No quisiera dejar que terminara este mes sin antes haberme acordado de un bonaerense que fallecía tal día como hoy hace apenas veintisiete años, un poeta vertical a la intemperie, una voz en perpetua posición de espiga, querúbico rastrojo enfocado hacia el fulgor del pensamiento en la fértil cosecha del verso y de la imagen. 
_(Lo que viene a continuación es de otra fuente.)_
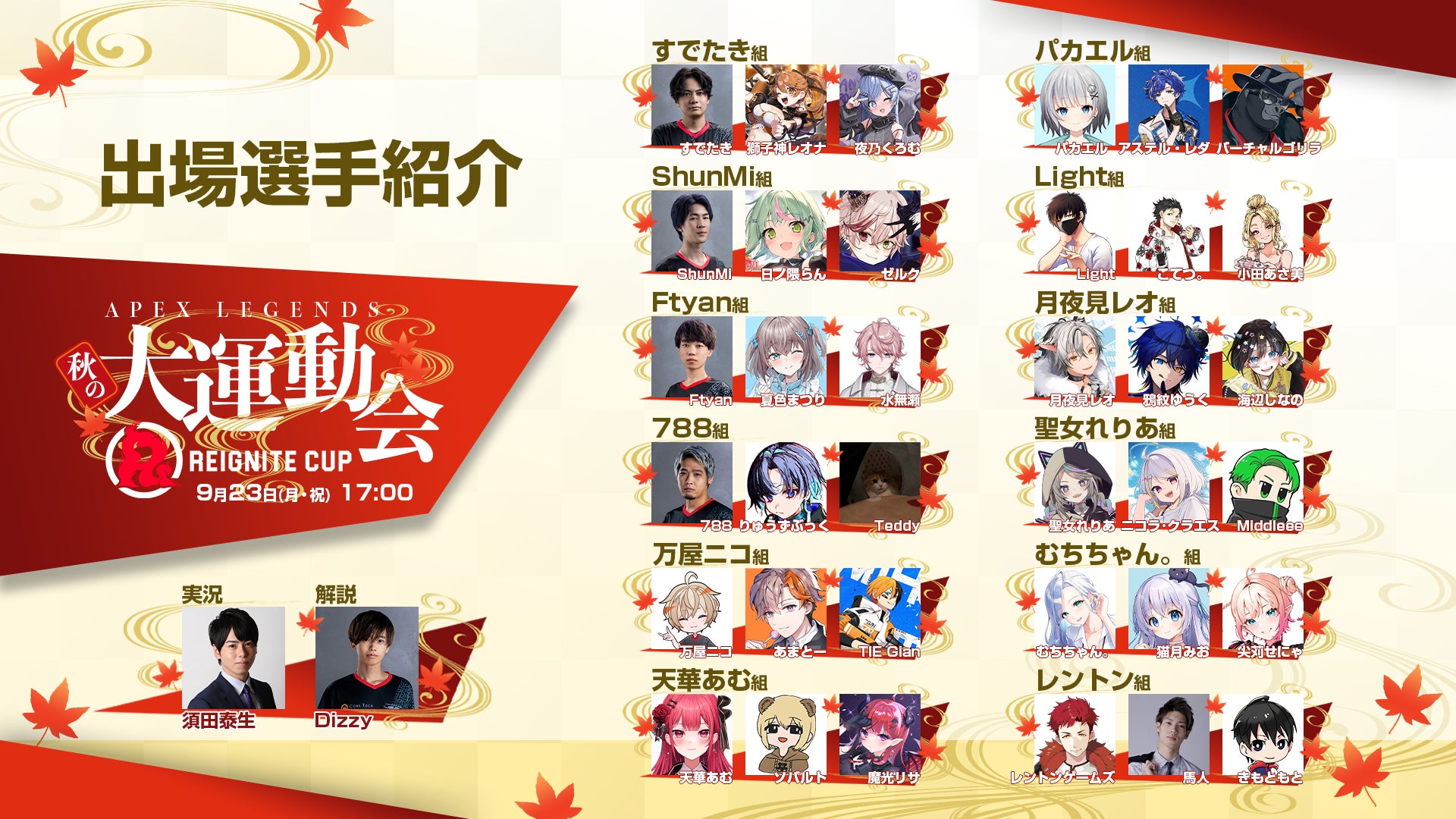 プロeスポーツチーム「REIGNITE」が9月23日(月・祝)に『REIGNITE CUP 〜 APEX LEGENDS 秋の大運動会 〜』を開催いたします。

Fue Roberto Juarroz, al igual que su maestro Antonio Porchia, un ser abisal, un sembrador de grietas, de preguntas, un cultivador de huecos, un habitante del vacío que consideró que el mundo se repetía demasiado y era hora de fundar un antimundo. El argentino, que advirtió cómo los términos se erosionaban por el uso, quiso impedir que ese desgaste se fosilizara. Para ello, agrietó el lenguaje hasta desconocerlo, hasta "desbautizar el mundo, / sacrificar el nombre de las cosas / para ganar su presencia" y abrir las posibilidades del poema. Exhumó el verbo, lo sacó hacia otro lado. Hizo de él apenas un retal del tiempo o un pedazo de la vida, una ínfima ceniza del fragmento. Y se entregó a este sacrificio nominal, a esta arqueología y posterior arquitectura poemática. Concibió siempre la poesía como un proceso subterráneo en busca del balbuceo originario, como "una explosión del ser por debajo del lenguaje". Detonó la realidad hasta romperla y horadó el suelo con silencios que airearan el mundo de su texto, ahondaran en la garganta de la tierra e impulsaran a la voz a caer hacia arriba en el rapto de la luz, el rebote ascendente del poema.